=== DATA RECORDS ===
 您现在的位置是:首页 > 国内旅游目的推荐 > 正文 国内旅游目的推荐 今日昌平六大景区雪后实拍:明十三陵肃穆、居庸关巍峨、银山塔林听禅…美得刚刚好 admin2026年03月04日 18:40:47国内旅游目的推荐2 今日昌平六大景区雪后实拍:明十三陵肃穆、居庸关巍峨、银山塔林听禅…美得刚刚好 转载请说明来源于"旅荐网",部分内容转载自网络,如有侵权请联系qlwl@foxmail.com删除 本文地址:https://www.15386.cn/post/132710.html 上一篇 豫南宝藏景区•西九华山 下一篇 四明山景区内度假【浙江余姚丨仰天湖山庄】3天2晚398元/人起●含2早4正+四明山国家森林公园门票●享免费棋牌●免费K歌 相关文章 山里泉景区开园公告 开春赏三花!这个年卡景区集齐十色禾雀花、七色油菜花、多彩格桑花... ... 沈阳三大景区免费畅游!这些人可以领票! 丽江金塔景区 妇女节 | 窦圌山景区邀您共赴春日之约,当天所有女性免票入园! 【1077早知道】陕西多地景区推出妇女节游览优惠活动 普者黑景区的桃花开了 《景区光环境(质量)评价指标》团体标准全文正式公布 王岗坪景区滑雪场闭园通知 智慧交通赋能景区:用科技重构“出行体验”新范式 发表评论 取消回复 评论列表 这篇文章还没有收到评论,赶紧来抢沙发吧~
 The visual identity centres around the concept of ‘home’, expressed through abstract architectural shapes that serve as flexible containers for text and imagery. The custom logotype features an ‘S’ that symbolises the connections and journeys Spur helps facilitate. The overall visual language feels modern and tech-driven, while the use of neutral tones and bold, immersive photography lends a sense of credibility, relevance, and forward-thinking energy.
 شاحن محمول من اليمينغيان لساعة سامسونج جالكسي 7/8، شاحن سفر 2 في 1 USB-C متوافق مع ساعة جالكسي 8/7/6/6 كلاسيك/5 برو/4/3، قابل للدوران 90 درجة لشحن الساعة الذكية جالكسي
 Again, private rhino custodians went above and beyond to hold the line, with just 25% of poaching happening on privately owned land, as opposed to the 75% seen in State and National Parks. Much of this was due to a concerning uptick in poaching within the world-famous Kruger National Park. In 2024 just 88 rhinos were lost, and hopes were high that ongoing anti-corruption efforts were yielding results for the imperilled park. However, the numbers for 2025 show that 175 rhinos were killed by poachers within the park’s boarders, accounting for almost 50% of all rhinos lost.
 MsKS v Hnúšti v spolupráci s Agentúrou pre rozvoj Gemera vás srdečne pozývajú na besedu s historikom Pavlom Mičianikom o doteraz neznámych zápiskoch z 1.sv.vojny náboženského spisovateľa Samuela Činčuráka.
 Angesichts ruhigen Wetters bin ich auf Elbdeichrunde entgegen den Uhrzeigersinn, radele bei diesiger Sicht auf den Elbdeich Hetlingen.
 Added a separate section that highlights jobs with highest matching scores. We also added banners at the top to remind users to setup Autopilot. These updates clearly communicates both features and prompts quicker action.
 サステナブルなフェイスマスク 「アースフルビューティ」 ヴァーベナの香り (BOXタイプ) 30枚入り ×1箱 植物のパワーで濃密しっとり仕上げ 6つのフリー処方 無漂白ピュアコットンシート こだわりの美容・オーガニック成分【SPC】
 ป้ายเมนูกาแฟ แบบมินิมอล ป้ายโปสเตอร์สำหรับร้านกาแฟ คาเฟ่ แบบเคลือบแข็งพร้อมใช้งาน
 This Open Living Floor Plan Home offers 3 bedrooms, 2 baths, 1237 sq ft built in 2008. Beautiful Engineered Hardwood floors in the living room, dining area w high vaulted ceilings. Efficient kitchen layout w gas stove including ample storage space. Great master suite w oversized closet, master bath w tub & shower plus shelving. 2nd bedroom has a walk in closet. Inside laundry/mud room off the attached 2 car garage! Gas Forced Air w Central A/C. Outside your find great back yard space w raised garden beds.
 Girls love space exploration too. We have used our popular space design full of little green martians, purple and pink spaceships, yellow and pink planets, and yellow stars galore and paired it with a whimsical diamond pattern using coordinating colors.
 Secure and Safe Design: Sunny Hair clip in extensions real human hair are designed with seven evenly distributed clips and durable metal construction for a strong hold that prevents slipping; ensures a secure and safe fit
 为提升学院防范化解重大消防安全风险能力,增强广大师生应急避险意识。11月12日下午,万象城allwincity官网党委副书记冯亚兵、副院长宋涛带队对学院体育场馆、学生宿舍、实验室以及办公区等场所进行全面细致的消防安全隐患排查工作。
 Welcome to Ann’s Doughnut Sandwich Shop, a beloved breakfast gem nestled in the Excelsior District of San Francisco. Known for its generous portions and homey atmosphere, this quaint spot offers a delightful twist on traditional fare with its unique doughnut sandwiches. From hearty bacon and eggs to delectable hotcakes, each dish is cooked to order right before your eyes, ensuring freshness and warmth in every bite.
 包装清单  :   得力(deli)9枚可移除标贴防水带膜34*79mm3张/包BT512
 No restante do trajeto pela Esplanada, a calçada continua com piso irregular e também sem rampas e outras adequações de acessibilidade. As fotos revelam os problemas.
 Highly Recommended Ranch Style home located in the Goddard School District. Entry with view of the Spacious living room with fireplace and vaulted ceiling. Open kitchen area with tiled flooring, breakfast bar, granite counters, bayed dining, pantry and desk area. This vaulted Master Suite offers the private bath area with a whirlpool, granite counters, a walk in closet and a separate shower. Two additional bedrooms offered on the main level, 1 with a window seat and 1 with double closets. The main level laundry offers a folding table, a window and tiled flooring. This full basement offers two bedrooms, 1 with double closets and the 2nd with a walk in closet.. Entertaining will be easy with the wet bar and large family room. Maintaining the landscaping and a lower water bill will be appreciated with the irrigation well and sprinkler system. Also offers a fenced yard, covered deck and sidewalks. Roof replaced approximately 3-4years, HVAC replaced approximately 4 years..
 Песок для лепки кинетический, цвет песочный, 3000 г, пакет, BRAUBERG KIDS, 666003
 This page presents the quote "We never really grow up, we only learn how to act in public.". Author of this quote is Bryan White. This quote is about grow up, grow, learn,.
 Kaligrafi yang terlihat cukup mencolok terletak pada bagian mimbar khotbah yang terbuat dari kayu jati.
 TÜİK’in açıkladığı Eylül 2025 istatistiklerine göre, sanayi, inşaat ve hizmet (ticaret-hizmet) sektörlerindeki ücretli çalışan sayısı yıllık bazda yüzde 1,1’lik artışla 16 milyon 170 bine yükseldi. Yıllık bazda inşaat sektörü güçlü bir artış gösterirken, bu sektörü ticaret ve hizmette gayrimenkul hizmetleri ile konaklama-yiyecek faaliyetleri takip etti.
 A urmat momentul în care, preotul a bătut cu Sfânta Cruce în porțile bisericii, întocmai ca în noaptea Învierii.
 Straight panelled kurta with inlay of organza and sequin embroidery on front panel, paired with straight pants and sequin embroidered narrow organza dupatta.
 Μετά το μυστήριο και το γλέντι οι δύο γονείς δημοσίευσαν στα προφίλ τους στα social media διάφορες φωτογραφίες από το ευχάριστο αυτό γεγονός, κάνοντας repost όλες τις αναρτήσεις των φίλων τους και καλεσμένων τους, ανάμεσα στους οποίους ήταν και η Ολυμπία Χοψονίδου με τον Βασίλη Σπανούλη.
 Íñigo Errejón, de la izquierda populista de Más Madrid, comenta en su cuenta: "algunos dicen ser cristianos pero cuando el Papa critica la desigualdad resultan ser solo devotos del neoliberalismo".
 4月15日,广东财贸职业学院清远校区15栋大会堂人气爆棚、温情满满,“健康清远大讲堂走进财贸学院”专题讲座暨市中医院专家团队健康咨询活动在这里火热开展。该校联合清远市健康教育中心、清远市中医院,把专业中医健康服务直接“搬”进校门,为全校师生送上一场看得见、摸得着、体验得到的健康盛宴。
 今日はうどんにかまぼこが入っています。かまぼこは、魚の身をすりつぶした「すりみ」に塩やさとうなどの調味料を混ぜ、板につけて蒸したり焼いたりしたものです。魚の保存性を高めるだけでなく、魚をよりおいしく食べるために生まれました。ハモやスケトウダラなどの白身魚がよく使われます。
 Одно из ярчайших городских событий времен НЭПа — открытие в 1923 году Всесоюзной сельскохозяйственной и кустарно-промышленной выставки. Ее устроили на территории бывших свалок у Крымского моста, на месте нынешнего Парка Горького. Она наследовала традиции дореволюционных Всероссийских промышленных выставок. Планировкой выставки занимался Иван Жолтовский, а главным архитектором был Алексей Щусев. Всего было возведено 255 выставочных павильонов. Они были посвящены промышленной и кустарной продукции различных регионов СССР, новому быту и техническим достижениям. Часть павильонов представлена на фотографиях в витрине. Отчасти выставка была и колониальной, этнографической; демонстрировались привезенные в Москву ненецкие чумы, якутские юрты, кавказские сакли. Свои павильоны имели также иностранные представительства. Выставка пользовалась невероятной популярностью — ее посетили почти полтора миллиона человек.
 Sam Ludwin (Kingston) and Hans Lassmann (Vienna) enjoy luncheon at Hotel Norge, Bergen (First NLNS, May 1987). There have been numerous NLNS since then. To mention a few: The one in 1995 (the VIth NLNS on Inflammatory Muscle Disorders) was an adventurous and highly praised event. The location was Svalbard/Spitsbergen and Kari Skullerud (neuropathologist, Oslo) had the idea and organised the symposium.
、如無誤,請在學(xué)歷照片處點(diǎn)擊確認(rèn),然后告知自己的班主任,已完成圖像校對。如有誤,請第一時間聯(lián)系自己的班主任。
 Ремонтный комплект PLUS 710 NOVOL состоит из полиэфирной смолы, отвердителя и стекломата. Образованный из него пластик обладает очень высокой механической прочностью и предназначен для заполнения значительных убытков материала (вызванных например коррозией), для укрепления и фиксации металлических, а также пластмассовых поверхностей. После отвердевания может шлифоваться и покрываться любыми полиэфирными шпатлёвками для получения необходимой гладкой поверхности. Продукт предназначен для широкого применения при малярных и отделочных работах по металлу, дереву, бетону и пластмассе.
===
_DESCRIPTION OF THE TASK_
Every line in the data that holds the string "paired" should be returned.

_WRITTEN SOLUTION_
 Girls love space exploration too. We have used our popular space design full of little green martians, purple and pink spaceships, yellow and pink planets, and yellow stars galore and paired it with a whimsical diamond pattern using coordinating colors.
 Straight panelled kurta with inlay of organza and sequin embroidery on front panel, paired with straight pants and sequin embroidered narrow organza dupatta.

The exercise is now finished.